Effect of Exenatide on 24h-UAER in Patients With Diabetic Nephropathy

Status:
Completed

Trial end date:
2019-12-30

Target enrollment:
0

Participant gender:
All

Summary

This is a multi-center, randomized, parallel study to evaluate effect of exenatide on 24h-UAER in patients with diabetic nephropathy. Screening will be made to select eligible participants before intervention. The trial will include 2-week run-in period of stable doses of glargine plus lispro insulin and 24-week treatment period. After the run-in period, patients were randomly assigned to one of two groups for antihyperglycaemic therapies for a total of 24-weeks: glargine plus exenatide and continued glargine plus lispro insulin. The treatment of exenatide will be initiated by 5ug bid, and uptitrated to 10 ug bid after 4 weeks and then maintained at 10ug bid until the completion of the study. Lispro insulin will be initially treated according to the insulin dosage of previous antihyperglycaemic therapies, and further titrated up at 4-week intervals until to reach the target fasting blood glucose (FPG).

Phase:

Phase 4

Accepts Healthy Volunteers?

Accepts Healthy Volunteers

Details

Lead Sponsor:

Nanfang Hospital of Southern Medical University

Treatments:

Exenatide
Insulin Lispro

Criteria

Inclusion Criteria:

1. Provision of informed consent prior to any study specific procedures.

2. Diagnosed with type 2 diabetes with HbA1c ≥ 7.0% and ≤ 11.0% at screening (the result
is valid for seven days).

3. Men and women (non-pregnant and using a medically approved birth-control method) aged
from 18 to 80 at screening.

4. Body mass index (BMI) ≥18 and ≤35 kg/m2.
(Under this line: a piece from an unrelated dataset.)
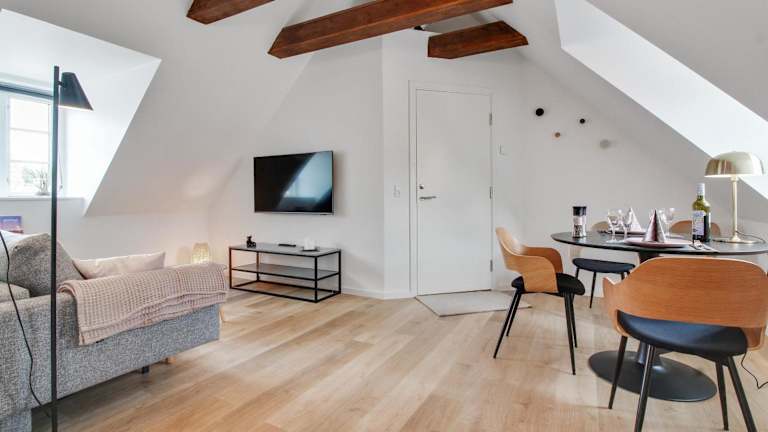 Die Unterkünfte im Hotel Skudehandelen sind komfortabel und bieten alles, was Sie für einen angenehmen Aufenthalt benötigen. Die Apartments verfügen über eine geräumige Terrasse mit Blick auf die Stadt, ideal für entspannte Abende im Freien. Die Küche ist gut ausgestattet mit einem Kühlschrank, einem Geschirrspüler, einem Backofen, einem Kochfeld, einem Toaster und einem Wasserkocher. Das private Badezimmer ist mit einer Badewanne oder einer Dusche ausgestattet. Kostenloses WLAN und kostenfreie Parkplätze stehen den Gästen zur Verfügung.

5. Blood Pressure (BP) ≥ 90/60mmHg and ≤160/100mmHg.

6.24h urinary albumin excretion rate (UAE) >0.3g/24h after 3 months treatment with several
hypoglycemic agents (sulphonylureas, metformin, AG-inhibitor, meglitinides or insulin),
ACEI/ARB and salt restriction(the result is valid for seven days).
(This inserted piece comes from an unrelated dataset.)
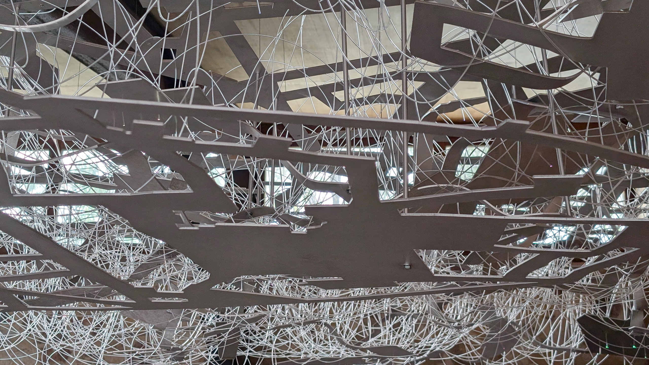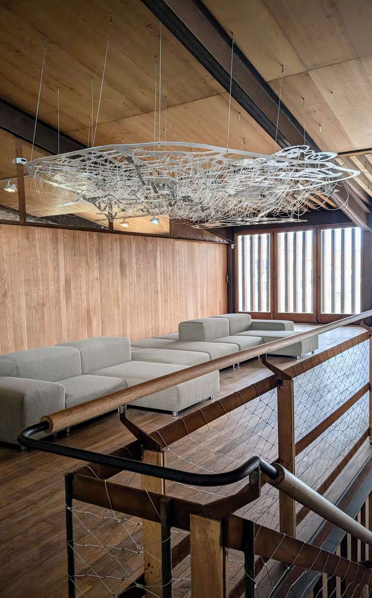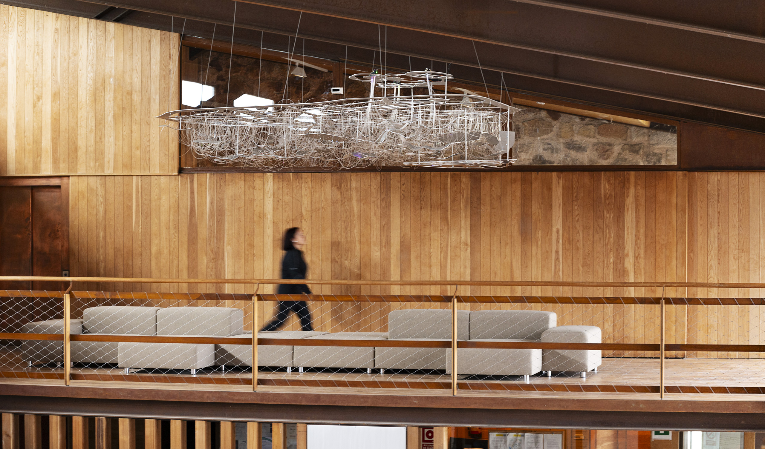Formally, the installation is structured as a series of metallic pathways that intertwine spatial and temporal layers. At the top is the layer of the Castros, Salamanca’s first stable human settlement, dating back to the Early Iron Age (8th–4th centuries BC) and located on San Vicente Hill. This layer forms the technological heart of the installation, from which five luminous cores (RGB lasers) emanate, controlling and connecting the represented historical layers.

7.eGFR >30ml/min(the result is valid for seven days).

Exclusion Criteria:

1．Women who are pregnant, intending to become pregnant during the study period, currently
lactating females, or women of child-bearing potential not using highly effective,
medically approved birth control methods.
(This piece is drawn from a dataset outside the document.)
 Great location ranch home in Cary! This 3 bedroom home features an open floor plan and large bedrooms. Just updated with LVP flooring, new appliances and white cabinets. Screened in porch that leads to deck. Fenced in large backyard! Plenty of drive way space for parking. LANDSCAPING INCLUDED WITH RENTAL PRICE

2. Diagnosis or history of:

1. Type 1 diabetes mellitus, diabetes resulting from pancreatic injury or secondary forms
of diabetes, eg, acromegaly or Cushing's syndrome.

2. Acute metabolic diabetic complications such as ketoacidosis or hyperosmolar coma
within the past 6 months.

3. Previous treatment with any Thiazolidinediones (TZDs), dipeptidyl peptidase-4
(DPP4) inhibitor or GLP-1 receptor agonists within the past 3 months.

4. History of hypersensitivity reaction (e.g., anaphylaxis, angioedema, exfoliative
skin conditions) to exenatide.

5. Blood amylase and/or lipase > 2 times the upper limit of the normal (ULN)
laboratory range.

6. Hyperkalemia (K+>5.5mmol/L).

7. eGFR <30ml/min/1.73m2.

8. Patients without diabetic retinopathy.

9. Triglycerides (fasting) > 4.5 mmol/L (400 mg/dL) at screening or within 4 weeks
prior to screening (by local laboratory).

10. Patients with clinically apparent liver disease characterized by ALT or AST > 3ULN
confirmed on two consecutive measurements (by local laboratory) within 4 weeks prior
to screening period.

11. Significant cardiovascular history within the past 3 months prior to screening
defined as: myocardial infarction, coronary angioplasty or bypass graft(s), valvular
disease or repair, unstable angina pectoris, transient ischemic attack, or
cerebrovascular accident.

12. Congestive heart failure defined as New York Heart Association (NYHA) class III or
IV.

13. History of chronic pancreatitis or idiopathic acute pancreatitis.

14. History of medullary thyroid carcinoma.